Quotes

books ~ movies


the books by J.R.R. Tolkien

Then one rode forward, a tall man, taller than the rest; from his helm as a crest a white horsetail flowed.
- The Two Towers

Grave and thoughtful was her glance, as she looked on the king with cool pity in her eyes. Very fair was her face, and her long hair was like a river of gold. Slender and tall she was in her white robe girt with silver; but strong she seemed and stern as steel, a daughter of kings.
-The Two Towers

'...He is bold and cunning. Even now he plays a game of peril and wins a throw. Hours of my precious time he has wasted already. Down snake!" he said suddenly in a terrible voice. 'Down on your belly! How long is it since Saruman bought you? what was the promised price?

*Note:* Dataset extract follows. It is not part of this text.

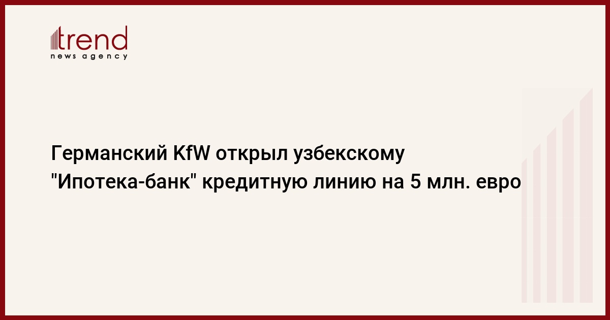 Германский банк развития (Kreditanstalt fur Wiederaufbau (KfW) открыл акционерному коммерческому "Ипотека-банк" Узбекистана кредитную линию на сумму пять миллионов евро для ипотечного кредитования населения, сообщили Trend в среду в руководстве банка.

When all the men were dead, you were to pick your share of the treasyre, and take the woman you desire? Too long have you watched her under your eyelids and haunted her steps.'
    Éomer grasped his sword. 'That I knew already,' he muttered. 'For that reason I would have slain him before, forgetting the law of the hall.'
-The Two Towers

'Alas! For she was pitted against a foe beyond the strength of her mind or body. And those who will take a weapon to such an enemy must be sterner than steel, if the very shock shall not destroy them. It was an evil doom that set her in his path. For she is a fair maiden, fairest lady of a house of queens. And yet I know not how I should speak of her. When I first looked on her and perceived her unhappiness, it seemed to me that I saw a white flower standing straight and proud, shapely as a lily, and yet knew that it was hard, as if wrought by elf-wrights out of steel. Or was it, maybe, a frost that had turned its sap to ice, and so it stood, bitter-sweet, still fair to see, but stricken, soon to fall and die? Her malady begins far back before this day, does it not, Éomer?'
    'I marvel that you should ask me, lord,' he answered. 'For I hold you blameless in this matter, as all else; yet I knew not that Éowyn, my sister, was touched by any frost, until she first looked on you. Care and dread she had, and shared with me, in the days of Wormtongue and the king's bewitchment; and she tended the king in growing fear. But that did not bring her to this pass!'
    'My friend,' said Gandalf, 'you had horses, and deeds of arms, and the free fields; but she, born in the body of a maid, had a spirit and courage at least the match of yours. Yet she was doomed to wait upon and old man, whom she loved as a father, and watch him falling into a mean dishonoured dotage; and her part seemed to her more ignoble than that of the staff he leaned on.
    'Think you that Wormtongue had poison only for Théoden's ears? Dotard! What is the house of Eorl but a thatched barn where brigands drink in the reek, and their brats roll on the floor among their dogs? Have you not heard those words before? Saruman spoke them, the teacher of Wormtongue. Though I do not doubt that Wormtongue at home wrapped their meaning in terms more cunning. My lord, if your sister's love for you, and her will still bent to her dury, had not restrained her lips; you might have heard even such things as these escape them. But who knows what she spoke to the darkness, alone, in the bitter watches of the night, when all her life seemed shrinking, and the walls of her bower closing in about her, a hutch to trammel some wild thing in?'
- The Return of the King'


the Wingnut trilogy, screenplay by Peter Jackson, Fran Walsh and Philippa Boyens

Gríma: "Oh, but you are alone! Who knows what you have spoken to the darkness. In bitter watches of the night, when all your life seems to shrink, the walls of your bower closing in about you, like a hutch to trammel some wild thing in. So fair, so cold, like a morning pale spring still clinging to winter's chill."
- 'The Two Towers'

Eomer: "How long is it since Saruman bought you? What was the promised price, Grima? When all the men are dead you will take your share of the treasure? Too long have you watched my sister, too long have you haunted her steps."
Grima: "You see much Eomer, Son of Eomund. Too much. You are banished forthwith from the kingdom of Rohan. Under pain of death!"